The Good, the Bad and the Ugly, perhaps?


I couldn't resist this composition, including the artifical grass roundabout.


We stop for a final coke about 20km from the end of the day's ride.


We arrive about 12:30pm, and by 2:0pm we're looking for a good meal, especially for Graham. And we found the perfect place just a few blocks from the hotel.


Even the busker seemed appropriate.


Nearby, many other restaurants were also doing good business. Indeed, we later found just about every open area had outdoor restaurants, all full. The temperature was 32C, but out of the sun it still felt comfortable.


A perfect lunch in a perfect restaurant.


Our main courses - yes, chicken soup for Tony D and fish for the rest of us.


Washed down with a bottle of the local white, the local red, and the local dessert wine!


After lunch we went looking for the cathedral, but some the team were more interested in the local girls!


More restaurants, now packing up - it's already after 5:00pm!


The cathedral.




And a Virgin in one of its chapels.


Another nice square.


And the view of the street from inside the cathedral.


We went looking for the Teatro Romeu, but the church across the plaza was more interesting.


Meanwhile, back at the hotel, what's the collective noun for a group of Steves? Well, it makes a change from a group of Tonys I suppose.


Just in case we didn't realise we had entered bull fighting country, the hotel lobby has a few paintings to remind us.


After a short rest, and another drink at the bar, we adjourn to the local Irish Pub to watch England play Wales in the World Cup - there was at least one Englishman and one Welshman in the group, after all.


Final score: Wales 28 - England 25.

Day 6 - Xativa to Yecla (98km, 1,350m)

Friday, September 25th


The usual scene in front of the hotel - some have already departed, and some are still having breakfast! Some are just waiting around...


Given that Garmins have been the hot topic of this ride, it's appropriate that Graham checks his Garmin on the first climb. What could go wrong?!


And the first climb isn't too bad - it's actually a bit cool, and there fog hanging over the valley.


But it's sunny, which allows us a last look at the castle.


Several (many?) kilometers later, we get a view back at the castle - the view that we saw yesterday from the top (remember?).


Over the first climb, and on the way down the first decent, here that foggy start to the day...


From now on, the day turned into a climb followed by a lot of straight, relatively uninteresting streches.


Our first coffee stop, this time with team "Steve" - two Steves from Derbyshire who ride very well.


We tackle the major climb of the day, which at around 5% isn't too bad - you can do this all day, especially when the scenery is so dramatic.

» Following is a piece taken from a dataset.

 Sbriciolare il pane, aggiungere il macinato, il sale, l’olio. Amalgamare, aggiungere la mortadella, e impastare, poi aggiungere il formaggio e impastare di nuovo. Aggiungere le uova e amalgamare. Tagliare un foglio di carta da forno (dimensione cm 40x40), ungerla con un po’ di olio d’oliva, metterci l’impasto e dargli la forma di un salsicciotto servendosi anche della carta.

I couldn't decide what the purpose of these caves/holes was - perhaps defensive?


More Spaghetti Western country.


This might look dangerous, but in fact the truck drivers are the most respectful of cyclists of all motorists in Spain!


I couldn't beieve they had once cut  railway line through this gorge.

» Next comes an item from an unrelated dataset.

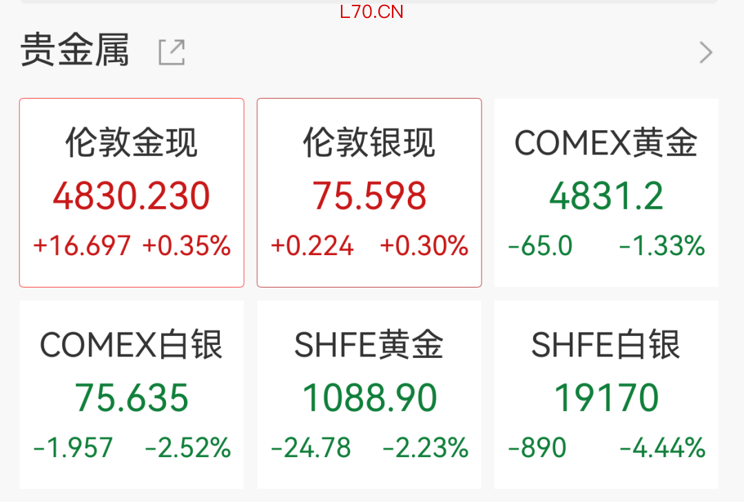 贵金属方面,黄金白银昨夜一度遭遇重挫,现货黄金创一个月新低。截至发稿,亚洲早盘现货黄金涨0.35%,现货白银涨0.3%。

The climb is actually quite gradual, although we discovered later that some people had trouble with it.




Coming up the climb towards the van.


And at (almost) the top, there's Mike in the van waiting with water and any other assistance people might need.


Even I didn't understand this - we're certainly not in Canada, although the next major town was called CaƱada.


The fog has gone, the road is straight, and the sun is starting to beat down - it's 28C...


Typically, the fields have been plowed for next season's crops, and the orchards have been left long behind.


We noticed that grape vines were becoming more prevalent, and clearly there's enough water r irrigation.


We arrive at our hotel, and after cleaning up have a beer in the garden - the local gardener makes us feel very much at home by mowing the grass (to within an inch of its life).


Graham obviously has contacts - the best room, with the best view, and hist (only) cycling jersey washed and drying in the window.


I couldn't believe t when I heard rain - this little cloud was responsible for a 5 minute shower that barely wet anything. We still think we're going to have fine weather all the way to Gibraltar.


Everyone retires to their rooms, so I decide to walk into town - here's the Basilica.


A square looking up towards the hill and another church.


The local council building.


And another view of the church.

 

Dinner was back at the hotel, and there was another mess of ordering and bill dividing - remind me never to get involved again.